During a search for mentions of details of rural ceremonial costumes, I found in Friendly Society records some information about the dances done at some of the places that danced as part of their annual perambulation before their Club Day church service and feast. Club Walks are also mentioned in Barnes' poems and in books, and some details have appeared in print. At Stourton Caundle the material is a list of first and second parts which translated well into figures and choruses; at Fifehead Magdalen a list of titles of dance[s] to be practiced, some of which could be traced to printed source books; and a brief description [in] a newspaper account of a dance at a wedding at Buckhorn Weston; and finally odd dances described in manuscripts such as Maud Karpeles [from] Seend in Wiltshire. The material has been given to southern sides who wanted to dance something local.
— Roy Dommett, The Sources of Our Dances, Great Western Morris

Many Societies ended the day with a dance and some included dancing in the activities during the Club Walk. Raymond in ‘Country Life’ 1934, mentions the dancing of Hunt the Squirrel and the Four Hand Reels. Maud Karpeles collected a finishing dance in Wiltshire which was a version of Up the Sides and Down the Middle. At Paulton near Bath, stepdancing is specifically mentioned in a local history. Where formal dancing was done it was derived directly from contemporary social dance. Dancing seems to have featured west of Gillingham, Dorset where a newspaper account described dancing at a wedding at Buckhorn Weston, the men carrying their staves to do a version of the Six Hand Reel. The minute book of Fifehead Magdalen in north Dorset states that Haste to the Wedding, Pop Goes the Weasel, the Dorsetshire March and Spithead Fleet would be practiced and danced at the stations on the walk. At Stourton Caundle, near Sturminster Newton in Dorset, a note exists of a set of three dances.

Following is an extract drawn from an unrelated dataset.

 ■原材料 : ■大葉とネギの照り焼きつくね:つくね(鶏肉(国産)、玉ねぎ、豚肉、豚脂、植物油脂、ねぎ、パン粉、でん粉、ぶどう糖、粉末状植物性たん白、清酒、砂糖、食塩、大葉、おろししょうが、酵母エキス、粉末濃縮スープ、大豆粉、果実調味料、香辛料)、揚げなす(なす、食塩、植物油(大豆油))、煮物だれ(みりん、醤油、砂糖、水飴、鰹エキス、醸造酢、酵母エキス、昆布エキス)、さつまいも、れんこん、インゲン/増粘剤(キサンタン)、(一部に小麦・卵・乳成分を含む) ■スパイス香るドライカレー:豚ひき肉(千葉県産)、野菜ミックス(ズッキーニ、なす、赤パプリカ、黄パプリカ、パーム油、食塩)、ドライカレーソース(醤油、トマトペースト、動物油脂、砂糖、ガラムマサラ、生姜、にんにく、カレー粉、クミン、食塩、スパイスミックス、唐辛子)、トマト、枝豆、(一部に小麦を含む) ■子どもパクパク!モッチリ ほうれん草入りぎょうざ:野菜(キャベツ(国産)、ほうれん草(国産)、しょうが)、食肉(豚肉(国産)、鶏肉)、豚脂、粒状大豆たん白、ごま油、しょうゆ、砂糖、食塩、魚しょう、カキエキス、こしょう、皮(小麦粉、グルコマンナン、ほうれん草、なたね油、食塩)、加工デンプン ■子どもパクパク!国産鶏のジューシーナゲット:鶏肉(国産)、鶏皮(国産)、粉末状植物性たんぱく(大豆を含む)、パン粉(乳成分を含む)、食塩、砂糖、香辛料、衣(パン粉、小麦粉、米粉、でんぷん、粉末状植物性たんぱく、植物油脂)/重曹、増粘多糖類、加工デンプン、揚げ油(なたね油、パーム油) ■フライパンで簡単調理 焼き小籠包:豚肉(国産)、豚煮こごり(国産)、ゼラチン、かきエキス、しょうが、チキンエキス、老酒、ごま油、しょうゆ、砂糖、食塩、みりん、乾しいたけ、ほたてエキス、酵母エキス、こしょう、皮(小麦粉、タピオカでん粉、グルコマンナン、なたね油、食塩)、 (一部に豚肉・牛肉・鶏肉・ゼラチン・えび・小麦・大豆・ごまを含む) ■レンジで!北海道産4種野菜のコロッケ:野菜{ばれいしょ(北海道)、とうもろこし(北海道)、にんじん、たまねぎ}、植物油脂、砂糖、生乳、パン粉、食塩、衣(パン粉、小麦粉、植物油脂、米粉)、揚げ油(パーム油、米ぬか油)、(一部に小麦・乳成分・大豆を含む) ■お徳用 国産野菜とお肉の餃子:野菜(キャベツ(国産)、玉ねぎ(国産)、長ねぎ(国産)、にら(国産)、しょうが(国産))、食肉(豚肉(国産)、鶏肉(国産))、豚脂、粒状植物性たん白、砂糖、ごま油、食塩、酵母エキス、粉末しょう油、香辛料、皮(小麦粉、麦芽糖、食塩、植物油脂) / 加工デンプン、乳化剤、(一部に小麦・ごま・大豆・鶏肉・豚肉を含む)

— Roy Dommett, Morris Dancing and Folk Customs: A series of talks by Roy Dommett

For many years he strove to see the tradition become accepted as a bona fide style of English folk-dance and to encourage its performance through a series of workshops and lectures. Today, variations of Dommett’s dances, together with many new dances created within the tradition, are performed by a small number of Morris dancing teams across the south-west of England including Somerset Morris, Fleur-de-Lys Morris and Bradninch Millers.